Another aspect to the film that we found rather flat was all of the future-centric plot-points — from the laughably bad green screen (we expected slightly more convincing effects from a veritable blockbuster like this) to the wishy-washy characterization of Kelly and her mother, The Great Leader (Holland Tyler), nothing about the future world really worked. And although Anthony Carrigan can do no wrong in our eyes, we didn’t find his robot Dennis particularly funny either. He’s a stellar comedic actor who deserved a better script to work off of.
On the other hand, however, we were pleasantly surprised by Thea and Billie’s storyline, which was incredibly charming, engaging, and helped greatly by Lundy-Paine and Weaving, who give it their all as Billie and Thea. Lundy-Paine in particular was a stroke of genius casting choice; they sport a haircut that’s nearly identical to the one Reeves had in the original film, and they match the cadence of Ted’s voice to a ‘T’. Both they and Weaving are very believable in their roles, which makes it that much easier to root for (and enjoy) their storyline as they hop through time collecting the world’s greatest musicians.
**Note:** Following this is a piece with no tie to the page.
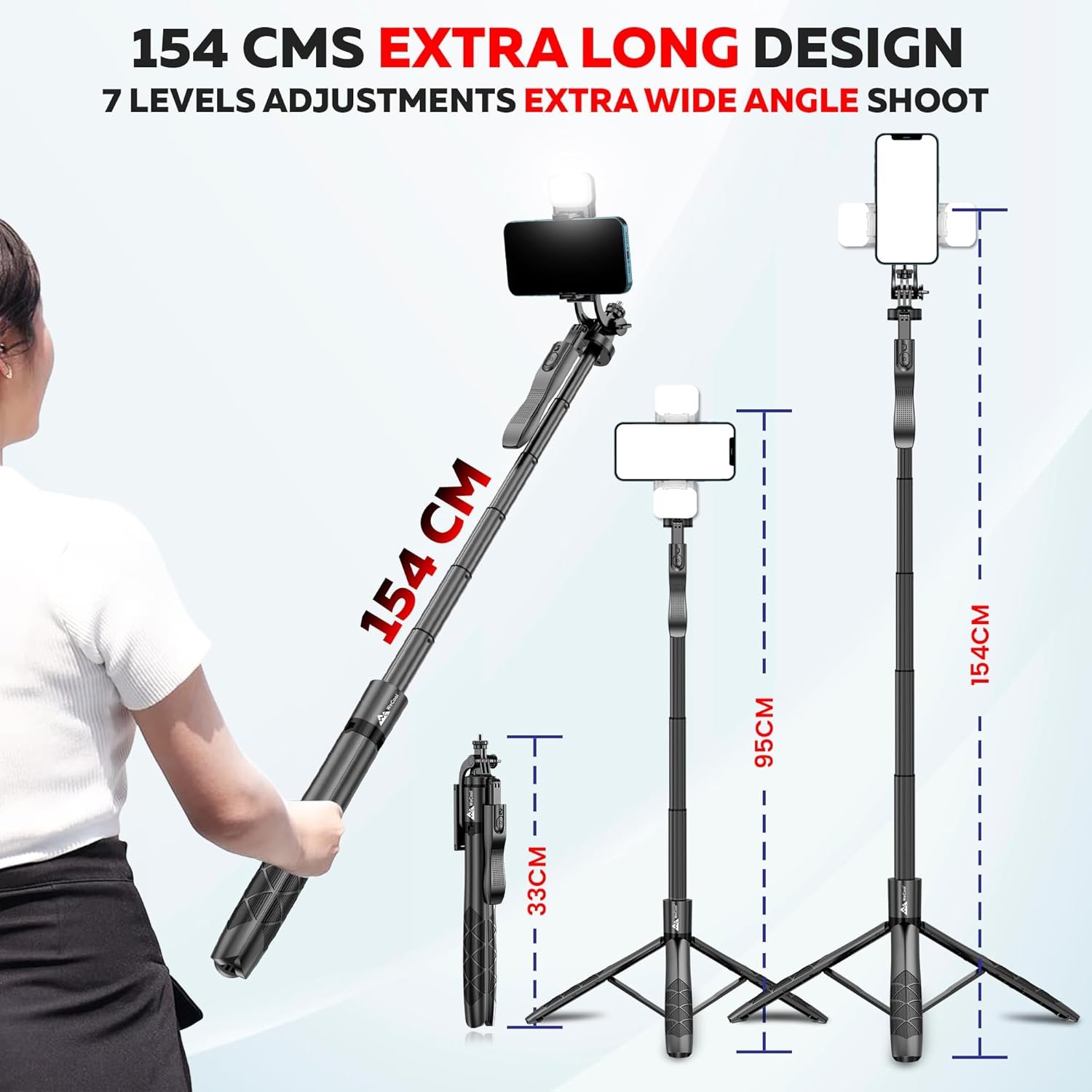 Upgrade Your Photography Game: Our Long selfie stick with light & tripod stand has 6 Adjustable Sections, extending from 33cm to 163cm. Capture wide-angle shots and faraway moments effortlessly, perfect for landscapes and group photos.

The film’s climax sees both father-daughter duos and their band of historical rockers (including Death playing bass) holding a doomsday concert that unites the world by getting every person across time to play the song in synchronicity. It’s a cute and sweet — if a little hokey — ending, and is undeniably feel-good, but a little anticlimactic. The film’s overall lack of stakes is probably why we feel the ending didn’t pack as much of a punch as we hoped it would, but it’s difficult to really suspend disbelief and think that Bill & Ted will actually fail, so we never found ourselves that invested in the film as a whole.
Bill & Ted Face the Music is a perfectly serviceable sequel with a hair-brained plot and jokes that don’t always land, but key performances from Alex Winter, Samara Weaving, and Brigette Lundy-Paine make the film worth watching.